The Quarterly Review is more extended version of the Weekly Review. In the Weekly Review, you climb to the top of the trees and peer at the forest. In the Quarterly review you take a hot air balloon up to a thousand feet or so and see how the forest fits into the overall landscape.
I try to get away from the office for my Quarterly Review. I want to get away from the phones, the drop-in visitors, and the hustle and bustle of office life. I generally check into an inexpensive hotel immediately after lunch and arrange to stay for twenty-four hours. In the past, when I couldn’t afford even a cheap hotel, I would do this in a library, a friend’s cabin, or even on a camp out. It doesn’t have to be fancy, just relatively private and quiet.
I follow a simple agenda:
- Spend time praying. Yes, I do this on a daily basis, but this is different. I want to take time to give thanks for all the things that have happened over the last 90 days. I want to pray about the big issues that I am facing. And, perhaps, most importantly, I want to reconnect with God and make sure that I am still on His agenda. It’s easy to get off course along the journey. This is a way for me to “check in,” make sure I am still on course, and give God an opportunity to speak to me.
- Review my Life Plan. This is a written document that I have maintained for years. Daniel Harkavy at Building Champions was the first one to guide me through the process. Dan Meub has also reviewed it with me. I have added a tweak here and there, but the big idea is that you view your life as a collection of “accounts.” These are similar to bank accounts. They have a certain value. A few have a giant balance, a few others might have respectable balances, and a few might be overdrawn. I maintain eight accounts: God, Self, Gail, Children, Finances, Career, Friends, Ministry. (Yours will be slightly different.) For each of these accounts I have an envisioned future, a statement of purpose, my current reality, and my specific commitments. I plan to write about this in more detail in the near future.
- Review my Business Vision. I also wrote about this recently. Again, it’s easy to get lost in strategies and operational detail. However, my Quarterly Review is an opportunity to reconnect with my Business Vision. What am I building toward? What does the business look like in five years? Note that I don’t create my vision during this time; I have already done that previously. During this time I simply want to review the written document, try to visualize it, and make sure I am crystal clear—to the extent possible—on where I am going.
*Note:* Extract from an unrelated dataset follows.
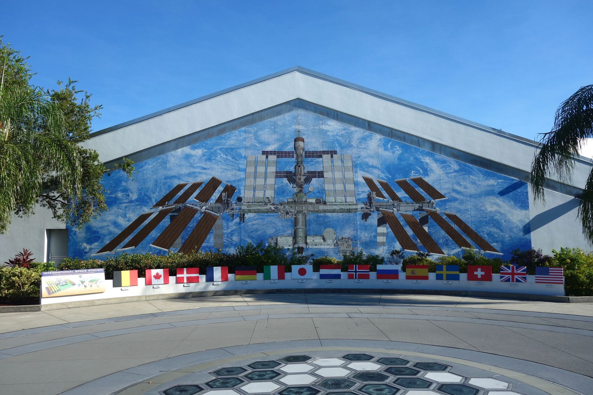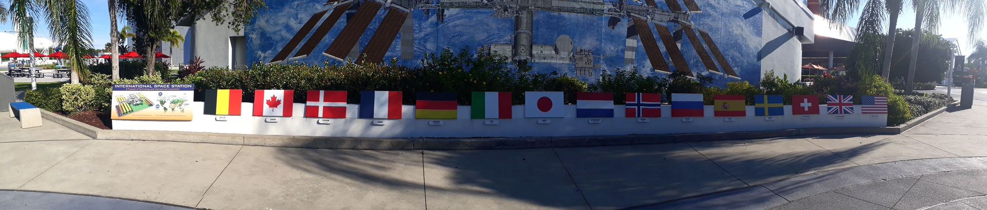 Unter dem Wandgemälde sind übrigens alle an der ISS beteiligten Nationen mit ihren Flaggen aufgeführt.

- Write goals for the upcoming quarter. Now I start writing. I have also written about this elsewhere. I want to take the review of my Life Plan and my Business Vision and translate it into specific, 90-day objectives. I don’t want a long list of to-do items. That’s too tactical for this exercise. Instead, I want a short list of the five to seven most important things I can do in the next quarter to move toward my personal and professional vision. I maintain two lists: one for my personal life and one for my professional life. I put one set on the front of a 3“ x 5” card and the other set on the back.
- Work on high impact projects. I can usually go through the above exercise in about four hours. Assuming eight hours of sleep, that leaves me with another eight hours to work on really important, high impact projects. These are the ones that are difficult to get to and do well in the midst of everything else. I usually come into the Quarterly Review with a specific prioritized list of these. It’s amazing how much progress you can make when you’re alone without the usual distractions.
If you want to start doing a Quarterly Review, I strongly suggest that you schedule these far, far in advance. Mine are scheduled two years out. If you wait until you have a break in your schedule, you’ll never get to it. You have to make appointments with yourself and schedule other things around it. This is the key to proactive, self-management.